Museum Archives: King Charles II in Steyning

In the days when the focus of the British film industry was on Shoreham Beach, Steyning was chosen as the principal location for the filming of a story about Charles II’s escape after the battle of Worcester. The story, on which the film was rather loosely based, was a romantic – and improbable – adventure novel called “Ovingdean Grange” by Harrison Ainsworth.

So, on one July day in 1913, Steyning swarmed with cavaliers and roundheads and, according to press reports, ‘Thirty one actors and actresses well known in the cinematograph world with, altogether, some 300 people... Not a little of the entertainment for the crowd was derived from seeing folks well known to them swaggering about in military attire or the dresses of the period’.

Amy Hole, when a small girl, recalled the occasion. In a conversation with us, some years ago now, Amy told us that her mother had been able to earn enough money, as an ‘extra’ in the film, to provide her numerous children with new shoes for the very first time in their lives.

It was a story in which all the cavaliers were dashing and all the puritans were sinister – and in which most unlikely things happened. In a scene filmed in the White Horse taproom, said the press report, ‘King Charles and Colonel Maunsell were disguised as drunken sailors and his majesty had to undergo the indignity of being hidden in a barrel’.

Elsewhere a puritan spy who had briefly captured the king ‘was dipped in a duck pond, spread-eagle fashion – a performance which, when enacted to meet the demands of the cinematograph, also provided much fun for the latter day onlookers’. We don’t know where this took place but we do know that ‘at Gatewick Farm was enacted the incident of the oak tree’.

To recreate the Battle of Worcester, the big set piece episode in the film, ‘a great battle raged on the Downs above Steyning’ – and there is a curious sidelight on this, reported by Geoffrey Malins, a filmmaker.

Facing a different sort of battle, he was with a group of officers in the trenches at the Somme in 1916, ready to film the action there, when the following conversation took place.

‘Are you going to give me a good show’ Malins asked them.‘You’re not coming after us with that affair [his bulky camera equipment], are you?’‘Yes, certainly. As soon as you get into the Bosche trenches I shall be there’ Someone piped up ‘Tell brother Fritz if he gets out of ‘the limits’’ ‘Where have you heard that?’ asked Malins ‘Limits’ is a technical term’‘I heard it once a few years ago. Filming was going on at a small place called Steyning. About 200 horsemen and an immense crowd were rehearsing a scene for the Battle of Worcester. It was some fight. The cameraman was constantly shouting ‘keep in the limits’ (I assumed he meant the angle of view). Everything went well until a section of the men, who were supposed to run away, got a few genuine knocks on the head, and continued fighting. It was the funniest thing.’ ‘That’s extraordinary’ said Malins ‘I was the chap who filmed that scene. I remember that incident well.’

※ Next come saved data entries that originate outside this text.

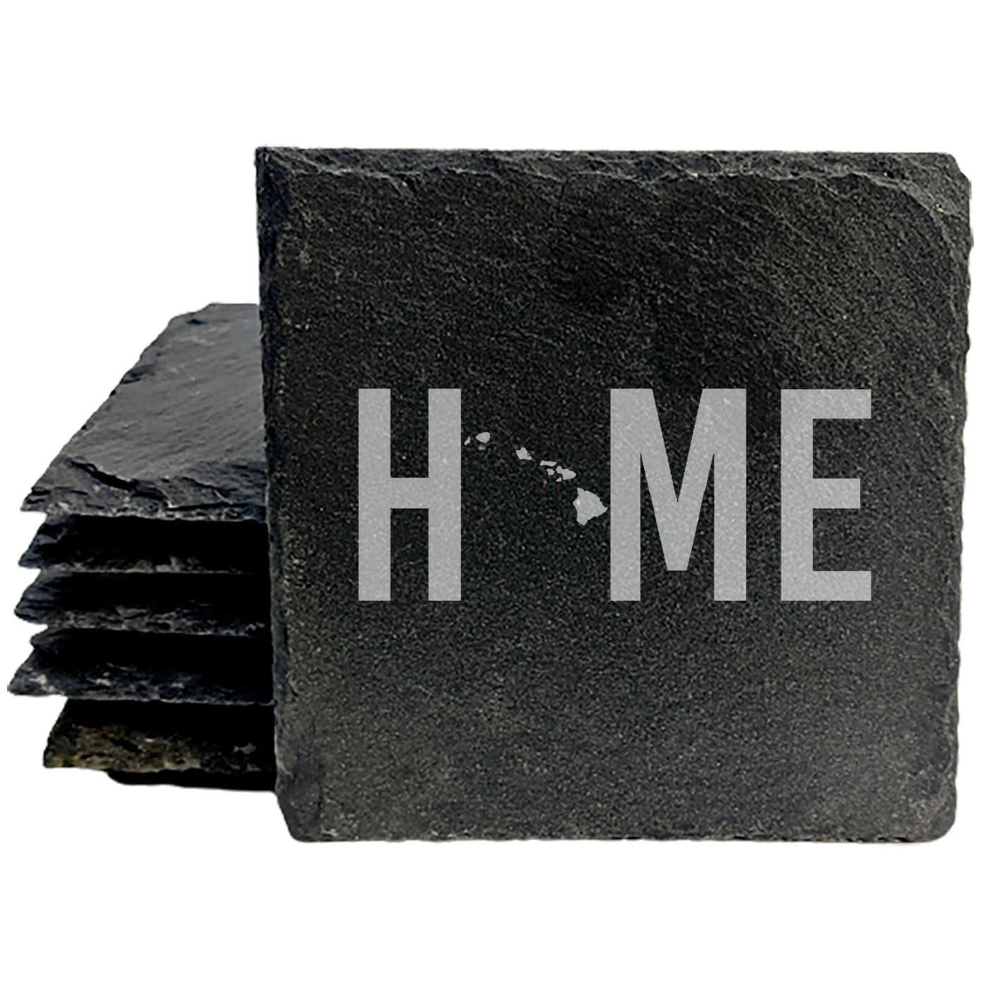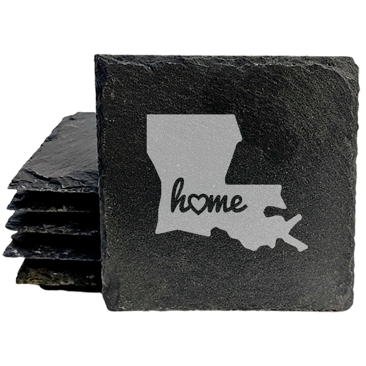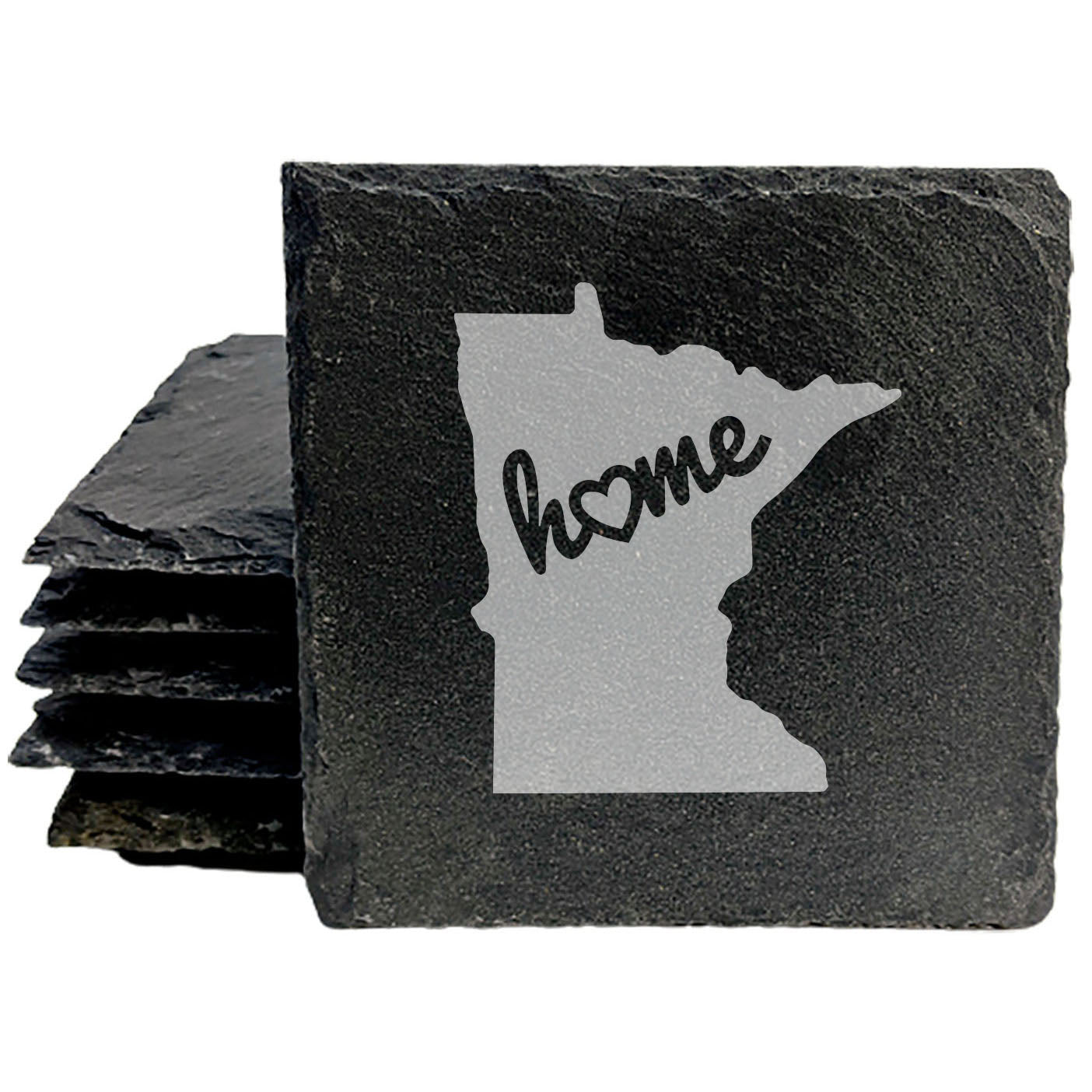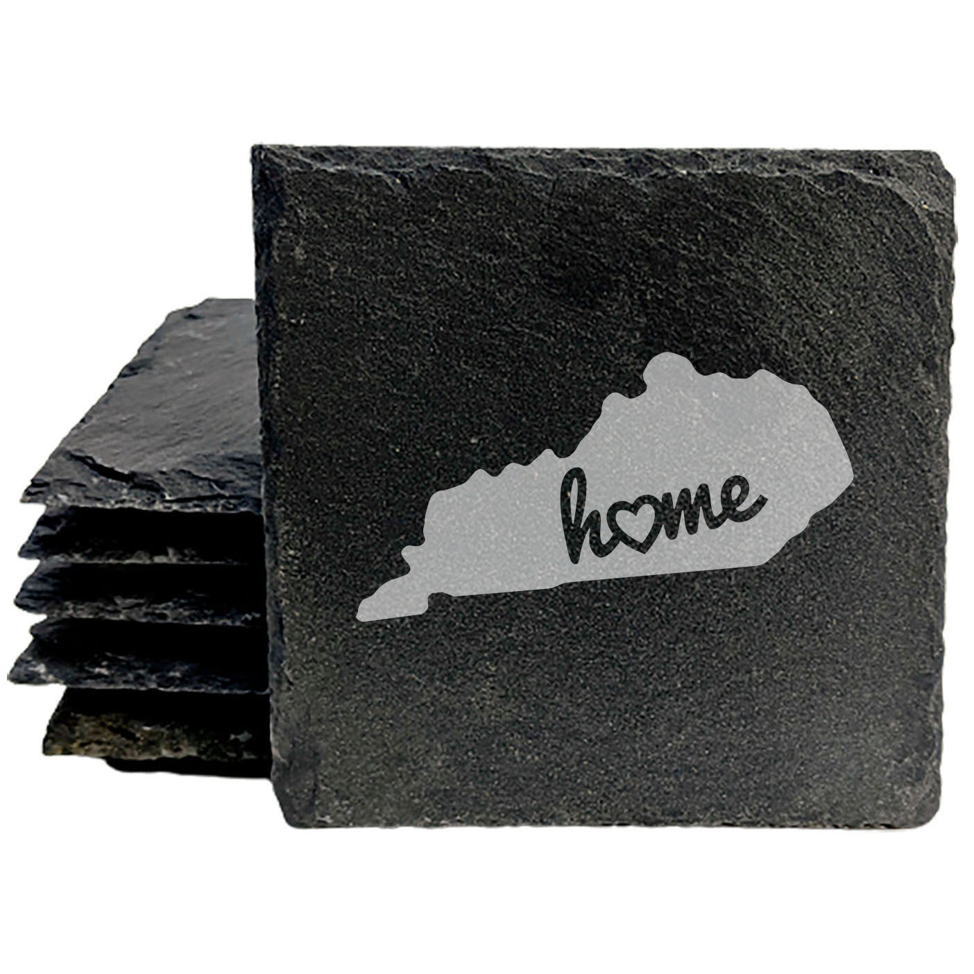 Rustic Slate Coasters Set of 4 - Laser Etched 'Home' Design with Illinois State - Perfect Gift for Holidays, Birthdays, Housewarming - 4" Round/Square - Made in Oregon, USA - Natural Chipped Edge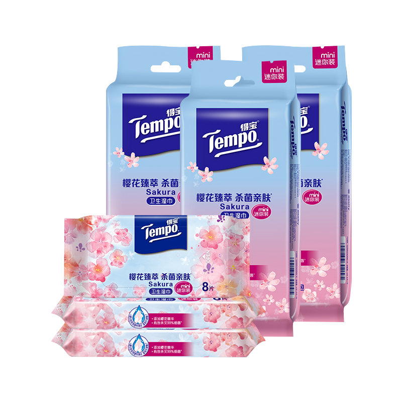 Tempo得宝擦手清洁便携迷你樱花湿巾8片6小包/12小包/18小包任选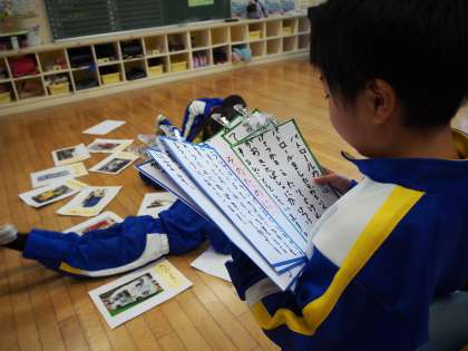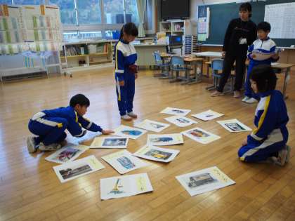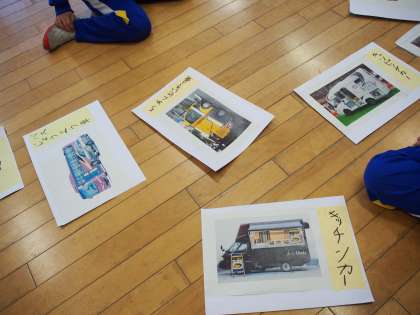 1年生の国語では、「じどう車くらべ」のまとめの学習として、自分たちで調べて、いろいろな自動車の「しごと」と「つくり」をカードにまとめました。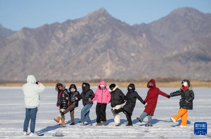 人们在呼和浩特哈素海冰面上游玩(2026年1月10日摄)。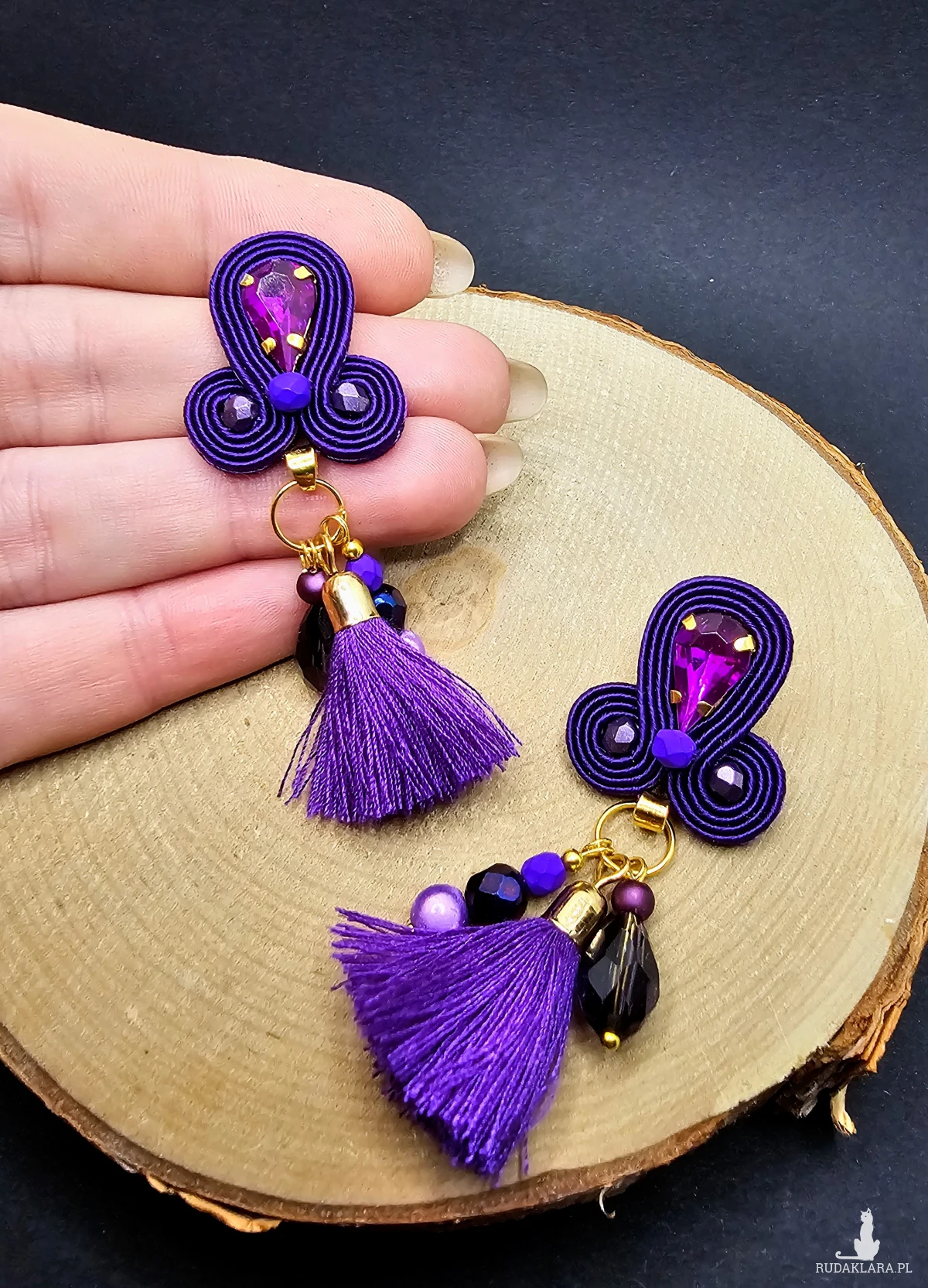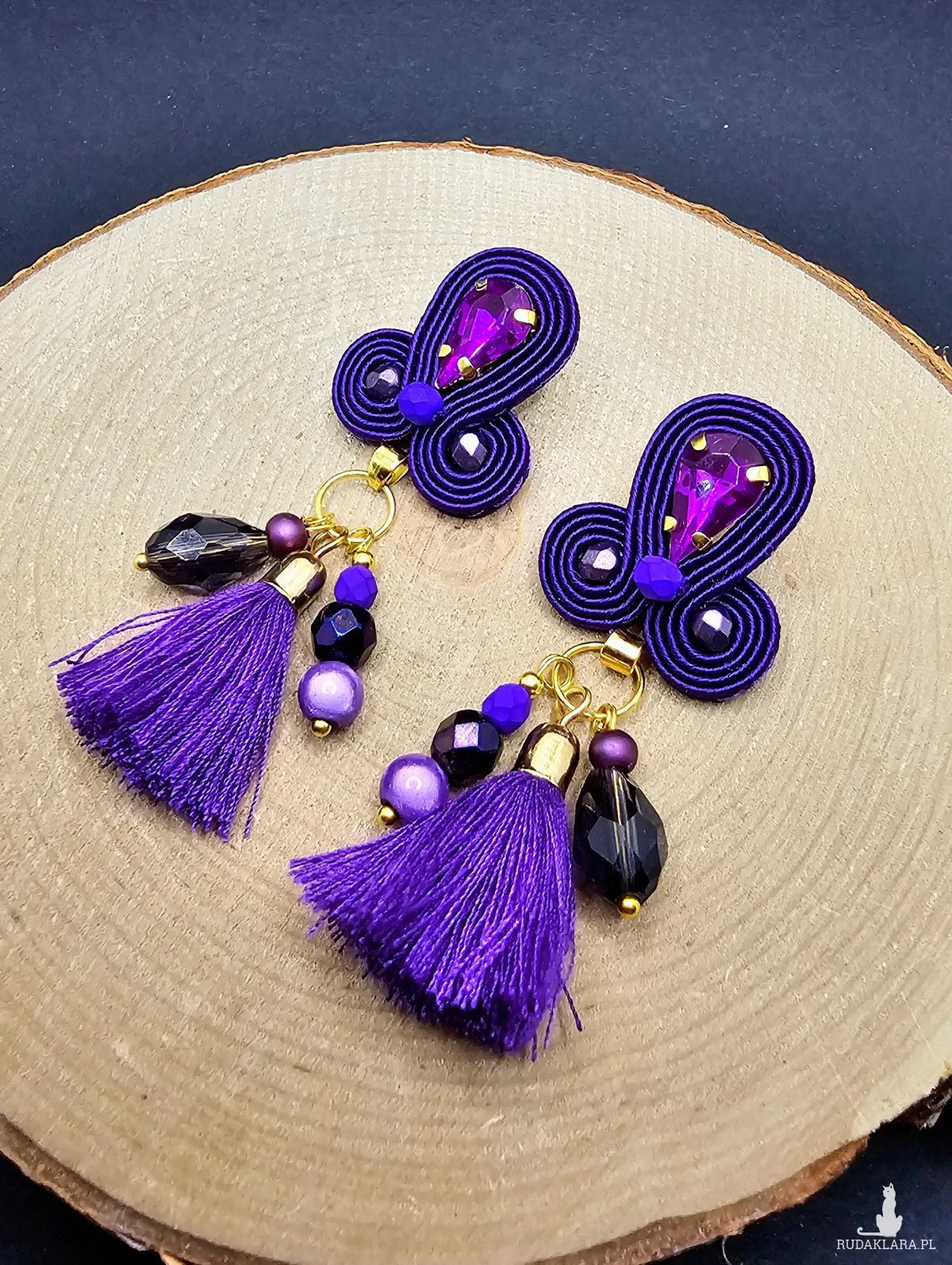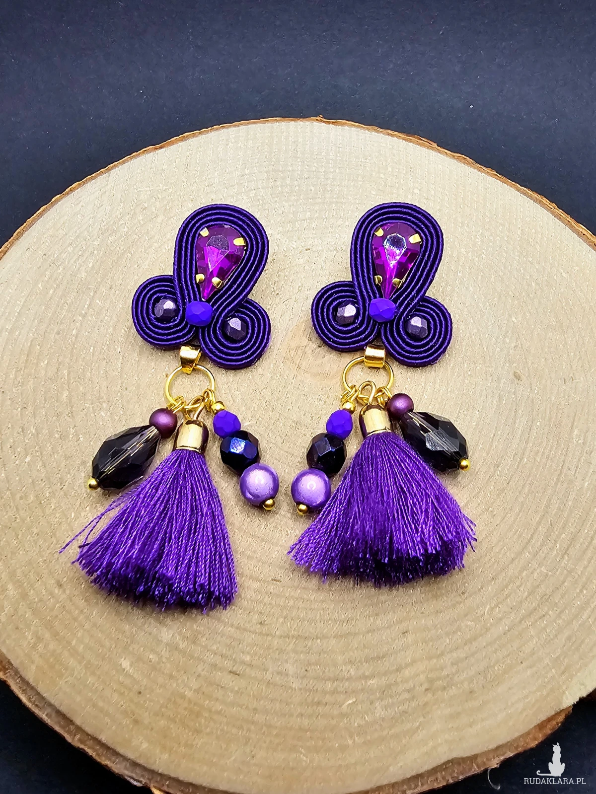Fioletowe kolczyki sutasz z chwostami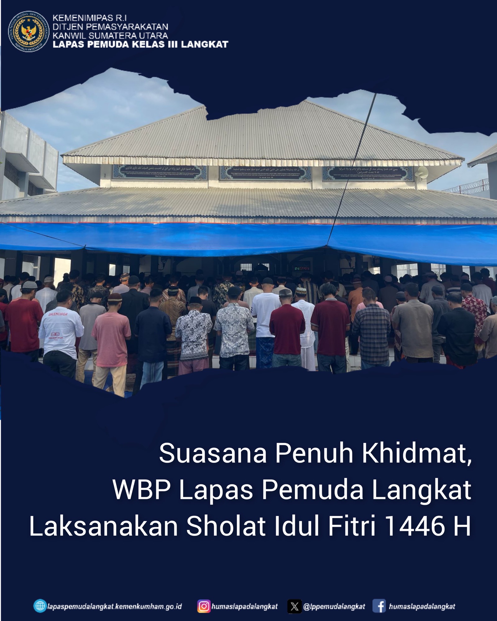 Gema takbir terus berkumandang ke penjuru Lembaga Pemasyarakatan Pemuda Kelas III Langkat sejak malam hari, sebagai pertanda telah tiba hari kemenangan Idul Fitri 1 Syawal 1446 H yang dihadiri Kepala Lapas Pemuda Kelas III Langkat dan jajaran serta warga binaan.

They even used Church Street as the setting for filming Charles’ triumphant return to England in 1660. ‘His majesty comes along smiling and bowing.’ said the press report ‘Maidens bestrew roses in his path. His majesty’s horse is a little restive but he holds his steed serenely and rides on.’ That, however, was not entirely truthful. Amy Hole told us that what actually happened was that the actor taking the part of King Charles was, in reality, a very indifferent horseman and far from holding ‘his horse serenely’ he was not able to stop it backing into a shop window and breaking it.

Life wasn’t often this exciting for the people of Steyning. Memories of those days of filming must have stayed with them for years.